▶ **DIRECTIONS**:
Repeat the data exactly, leaving out any image.

START SUPPLIED DATA

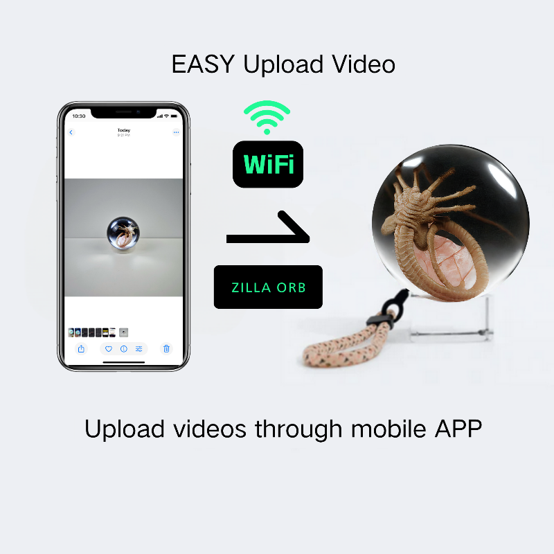 Just connect your mobile and ZillaOrb™ by wifi and upload videos or pictures through the mobile APP. Very simple!
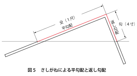 次に、さしがねによって平勾配、返し勾配を求める方法として、例えば4寸勾配の平勾配や、その返し勾配の墨付けを行う場合のさしがねの当て方を図5に示します。
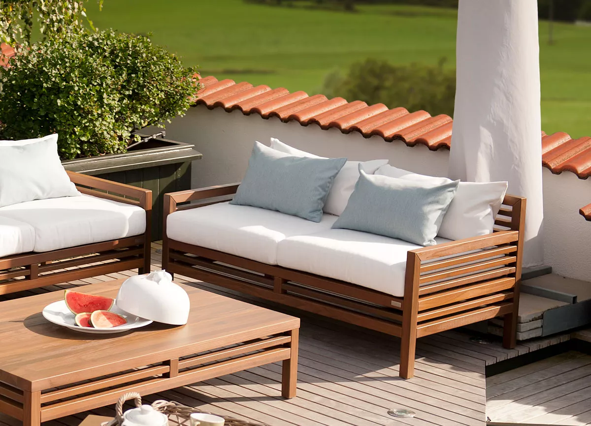 Die drei verfügbaren Werkstoffe „Lignum-T", "Lerche" und "Sipo" erlauben es, edle Echtholzmöbel für den Außenbereich mit hoher Lebensdauer zu fertigen. Bequeme Sitzauflagen bieten Ihnen und Ihren Gästen Entspannung pur. Auch hier sind individuelle Größen möglich.

END SUPPLIED DATA

▶ **SOLUTION FOR THIS TASK**:
 Just connect your mobile and ZillaOrb™ by wifi and upload videos or pictures through the mobile APP. Very simple!
 次に、さしがねによって平勾配、返し勾配を求める方法として、例えば4寸勾配の平勾配や、その返し勾配の墨付けを行う場合のさしがねの当て方を図5に示します。
 Die drei verfügbaren Werkstoffe „Lignum-T", "Lerche" und "Sipo" erlauben es, edle Echtholzmöbel für den Außenbereich mit hoher Lebensdauer zu fertigen. Bequeme Sitzauflagen bieten Ihnen und Ihren Gästen Entspannung pur. Auch hier sind individuelle Größen möglich.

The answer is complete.